Наземные телекамеры сохранились в основном лишь в тех районах, где, по-видимому, ничего не происходило, хотя улицы городов опустели и немногие попавшие в объектив люди выглядели напуганными. Картины, полученные вблизи мест, подвергшихся бомбардировке, оказались фрагментарными, искаженными различными помехами и малопонятными — бессвязная последовательность образов, как в ранних сюрреалистических фильмах, где невозможно определить, что здесь пытался изобразить режиссер, некую историю или лишь психическое состояние.
Одинокий телеграфный столб, совершенно обгоревший; целый ряд таких столбов, вырванных из земли, но все еще соединенных проводами.
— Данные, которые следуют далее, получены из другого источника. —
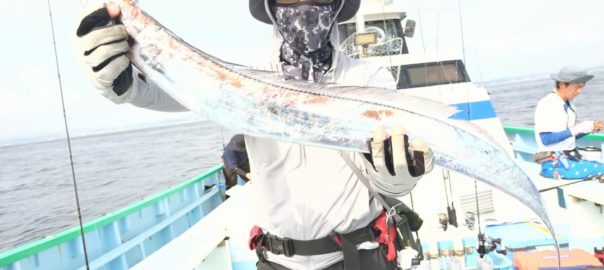 前半は今日も中•小クラスから釣れ上がりましたが、時折大型タチウオもまじりここ数日の雰囲気とは違って前半だけでメーター超えを3本キャッチされた方もいらっました。

Пустыня битого кирпича; посреди стоит железобетонная труба, почти невредимая, только поверхность немного попорчена жаром и песком, который нес ураганный ветер. Здания, все покосившиеся в одну сторону — очевидно, также от ветра. Остатки завода: несколько бывших зданий без крыш, без стен — одни кривые каркасы. Сгоревшие автомобили ровными рядами на стоянке, газохранилище, разбитое и сгоревшее несколько часов назад.
Стена железобетонного здания, без окон, потрескавшаяся и немного покосившаяся под действием ударной волны. Когда-то здание было выкрашено в серый или другой темный цвет, но теперь краска облупилась; только в одном месте, где у стены стоял человек, она сохранилась — тень, которую уже никто не отбрасывает.
Тому испарившемуся человеку повезло. Здесь же стоял другой, оказавшийся в более прохладной зоне: очевидно, он посмотрел на вспышку, и его глаза превратились в темные впадины: он стоял, согнув ноги и немного отставив руки от туловища, напоминая пингвина; вместо кожи его обнаженное тело покрывала обуглившаяся корка, из трещин сочились кровь и гной.
Грязная оборванная толпа, мчавшаяся по дороге, заваленной камнями, завывая от ужаса, — хотя камера передавала только изображение: впереди всех — безволосая женщина с охваченной пламенем детской коляской. Человек, которому как будто срезало кожу на спине падавшими стеклами, терпеливо работал деревянной лопатой для снега возле огромной кучи битого кирпича. Судя по всему, здесь стоял большой дом…
Были и другие.
Шатвье произнес длинную фразу по-чешски. Тем не менее ее содержание казалось достаточно ясным. Белг пожал плечами и отвернулся от экрана.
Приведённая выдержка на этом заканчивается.